▸ WORK TASK
For the material below, output exactly the span from the line with "El mercado contará" to the line with "Down the hill", including both, and nothing besides.

▸ DATA LISTING
=====
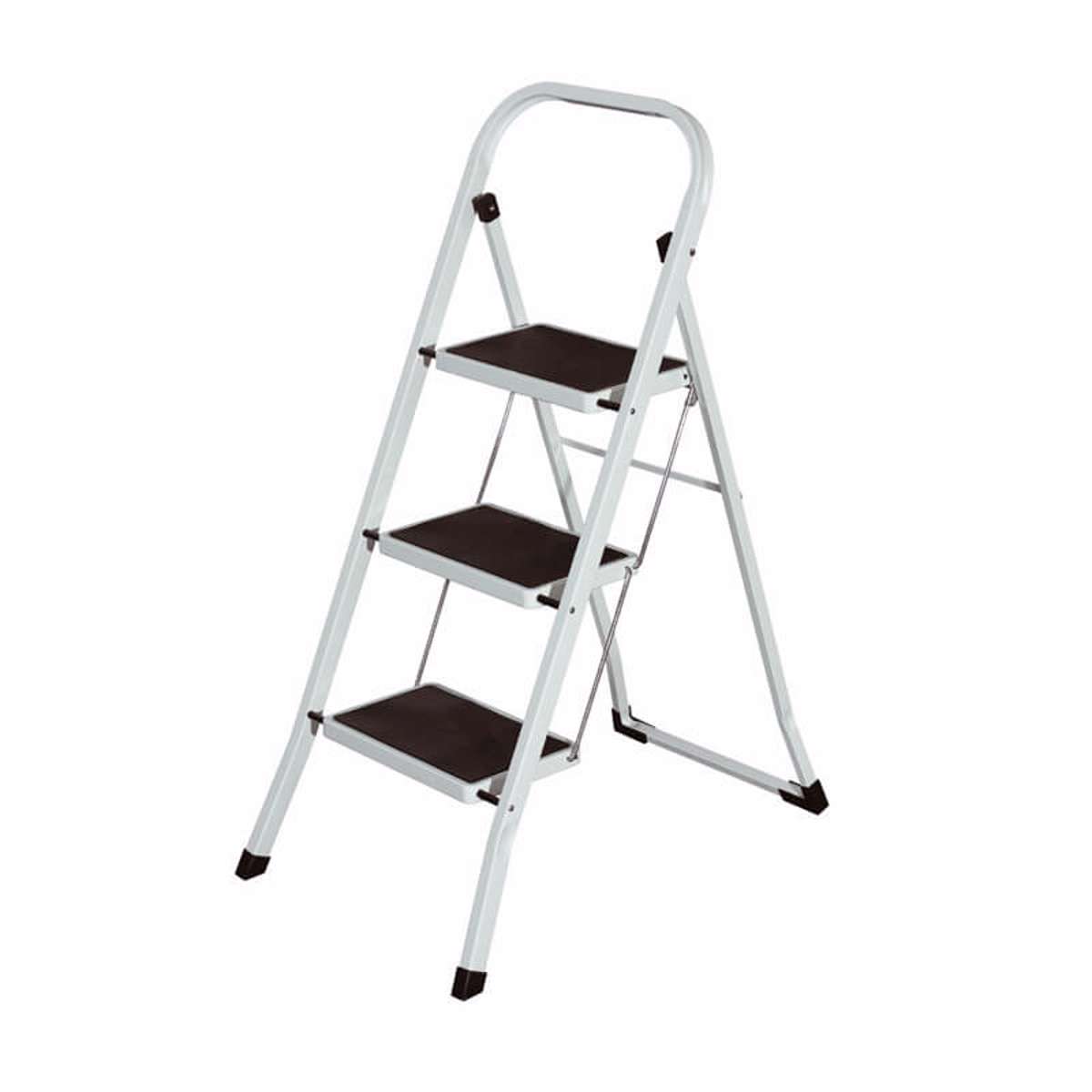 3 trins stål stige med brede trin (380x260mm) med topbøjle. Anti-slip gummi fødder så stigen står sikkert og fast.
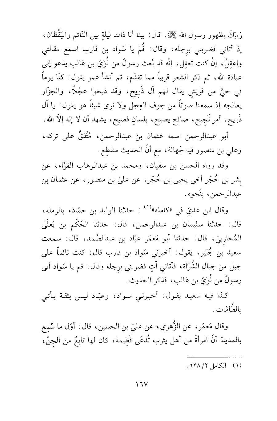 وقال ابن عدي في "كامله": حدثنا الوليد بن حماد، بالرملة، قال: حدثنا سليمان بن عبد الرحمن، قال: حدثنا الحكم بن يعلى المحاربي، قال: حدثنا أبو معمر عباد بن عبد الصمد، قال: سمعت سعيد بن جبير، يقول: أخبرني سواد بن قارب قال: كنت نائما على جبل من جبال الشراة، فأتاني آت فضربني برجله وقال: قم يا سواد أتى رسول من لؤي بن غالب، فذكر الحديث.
=====
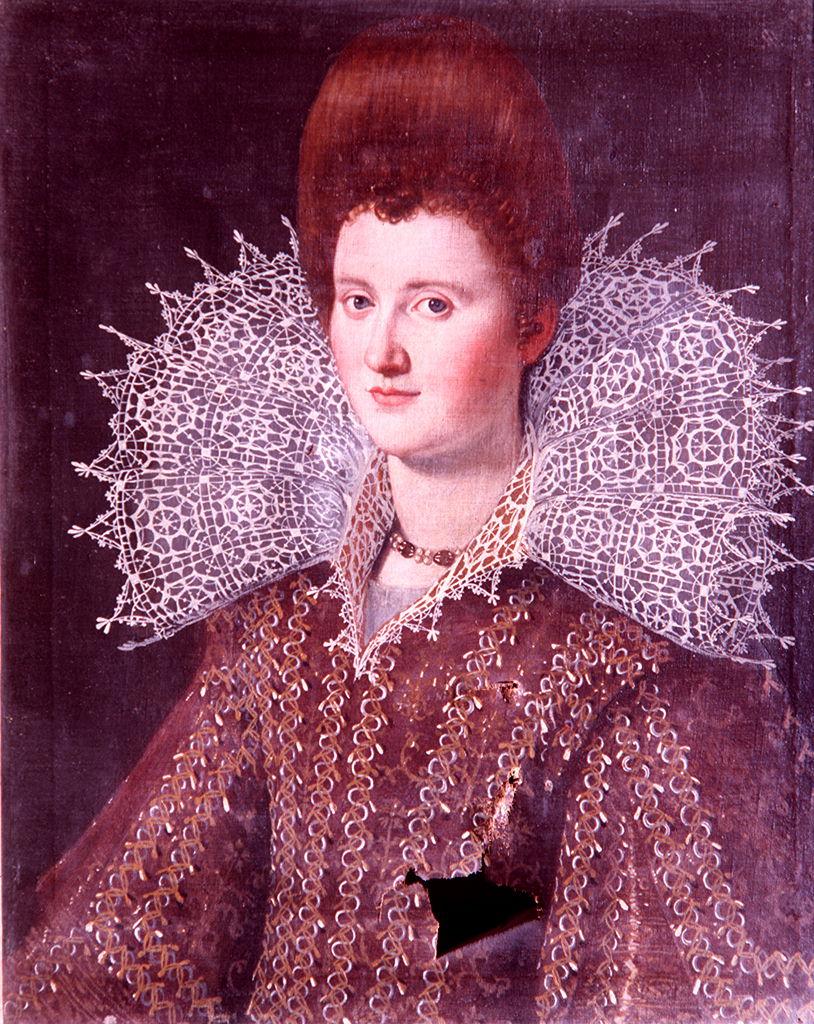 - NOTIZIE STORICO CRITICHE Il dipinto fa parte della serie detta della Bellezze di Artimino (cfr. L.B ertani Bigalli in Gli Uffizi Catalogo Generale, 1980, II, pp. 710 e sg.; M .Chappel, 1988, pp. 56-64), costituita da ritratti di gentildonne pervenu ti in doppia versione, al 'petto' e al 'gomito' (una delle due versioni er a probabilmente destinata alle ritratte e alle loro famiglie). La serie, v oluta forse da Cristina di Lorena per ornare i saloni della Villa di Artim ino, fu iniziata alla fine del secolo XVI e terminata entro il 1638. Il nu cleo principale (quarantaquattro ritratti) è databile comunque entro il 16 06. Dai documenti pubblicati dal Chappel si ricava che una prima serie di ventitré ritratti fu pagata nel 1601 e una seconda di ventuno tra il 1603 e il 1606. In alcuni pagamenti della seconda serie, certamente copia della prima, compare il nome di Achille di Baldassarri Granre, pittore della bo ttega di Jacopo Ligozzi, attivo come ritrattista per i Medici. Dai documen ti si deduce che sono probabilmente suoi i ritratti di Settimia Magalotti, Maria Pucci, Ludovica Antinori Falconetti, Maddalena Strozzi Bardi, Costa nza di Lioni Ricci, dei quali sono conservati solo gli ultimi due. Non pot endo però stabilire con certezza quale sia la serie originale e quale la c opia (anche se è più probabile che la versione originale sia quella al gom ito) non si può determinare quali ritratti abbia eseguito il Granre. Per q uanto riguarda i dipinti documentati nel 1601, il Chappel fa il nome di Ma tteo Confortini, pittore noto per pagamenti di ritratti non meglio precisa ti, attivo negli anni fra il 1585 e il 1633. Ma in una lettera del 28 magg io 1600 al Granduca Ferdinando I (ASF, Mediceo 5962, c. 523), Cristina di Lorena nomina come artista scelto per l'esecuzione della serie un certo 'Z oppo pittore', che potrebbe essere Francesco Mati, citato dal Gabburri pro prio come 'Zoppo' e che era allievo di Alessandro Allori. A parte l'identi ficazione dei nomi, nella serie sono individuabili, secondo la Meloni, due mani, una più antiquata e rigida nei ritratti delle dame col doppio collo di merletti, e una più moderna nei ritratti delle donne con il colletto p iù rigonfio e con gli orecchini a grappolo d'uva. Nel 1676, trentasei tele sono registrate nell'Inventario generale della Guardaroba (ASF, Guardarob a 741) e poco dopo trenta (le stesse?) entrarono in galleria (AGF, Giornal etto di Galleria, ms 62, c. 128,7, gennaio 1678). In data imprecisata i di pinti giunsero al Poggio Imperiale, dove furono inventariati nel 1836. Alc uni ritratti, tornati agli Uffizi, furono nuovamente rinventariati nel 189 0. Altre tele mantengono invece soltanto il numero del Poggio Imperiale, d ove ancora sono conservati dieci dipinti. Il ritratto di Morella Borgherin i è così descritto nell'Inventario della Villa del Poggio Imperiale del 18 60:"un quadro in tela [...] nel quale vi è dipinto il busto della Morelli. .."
=====
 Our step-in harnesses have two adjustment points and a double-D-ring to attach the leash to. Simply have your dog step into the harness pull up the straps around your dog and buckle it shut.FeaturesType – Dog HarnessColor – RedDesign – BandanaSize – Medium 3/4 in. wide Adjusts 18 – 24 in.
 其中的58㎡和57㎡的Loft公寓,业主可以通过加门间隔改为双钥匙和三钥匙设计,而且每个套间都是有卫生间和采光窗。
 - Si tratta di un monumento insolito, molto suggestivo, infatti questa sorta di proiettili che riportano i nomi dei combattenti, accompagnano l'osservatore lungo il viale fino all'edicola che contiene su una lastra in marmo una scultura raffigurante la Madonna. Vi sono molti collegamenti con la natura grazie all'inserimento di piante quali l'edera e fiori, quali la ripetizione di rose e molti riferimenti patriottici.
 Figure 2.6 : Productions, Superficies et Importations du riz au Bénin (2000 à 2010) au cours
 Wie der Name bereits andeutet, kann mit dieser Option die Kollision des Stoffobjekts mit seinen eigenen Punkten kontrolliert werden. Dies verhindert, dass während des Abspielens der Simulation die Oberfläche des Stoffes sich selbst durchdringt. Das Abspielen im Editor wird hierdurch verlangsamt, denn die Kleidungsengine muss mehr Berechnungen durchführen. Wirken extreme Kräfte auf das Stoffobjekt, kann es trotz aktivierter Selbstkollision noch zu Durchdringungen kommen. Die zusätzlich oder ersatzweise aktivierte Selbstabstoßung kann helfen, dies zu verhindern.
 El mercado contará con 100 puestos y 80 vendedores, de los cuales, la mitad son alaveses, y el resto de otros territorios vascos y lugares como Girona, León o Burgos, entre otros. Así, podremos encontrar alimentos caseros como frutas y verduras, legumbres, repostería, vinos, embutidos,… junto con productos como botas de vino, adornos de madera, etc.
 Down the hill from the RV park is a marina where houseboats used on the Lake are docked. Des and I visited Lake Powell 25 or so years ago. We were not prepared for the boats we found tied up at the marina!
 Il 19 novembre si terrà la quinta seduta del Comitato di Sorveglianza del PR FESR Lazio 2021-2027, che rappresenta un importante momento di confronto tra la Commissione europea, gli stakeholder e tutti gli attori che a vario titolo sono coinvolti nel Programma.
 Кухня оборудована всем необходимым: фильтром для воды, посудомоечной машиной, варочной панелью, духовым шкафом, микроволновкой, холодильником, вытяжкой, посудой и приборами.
=====
▸ WRITTEN ANSWER
 El mercado contará con 100 puestos y 80 vendedores, de los cuales, la mitad son alaveses, y el resto de otros territorios vascos y lugares como Girona, León o Burgos, entre otros. Así, podremos encontrar alimentos caseros como frutas y verduras, legumbres, repostería, vinos, embutidos,… junto con productos como botas de vino, adornos de madera, etc.
 Down the hill from the RV park is a marina where houseboats used on the Lake are docked. Des and I visited Lake Powell 25 or so years ago. We were not prepared for the boats we found tied up at the marina!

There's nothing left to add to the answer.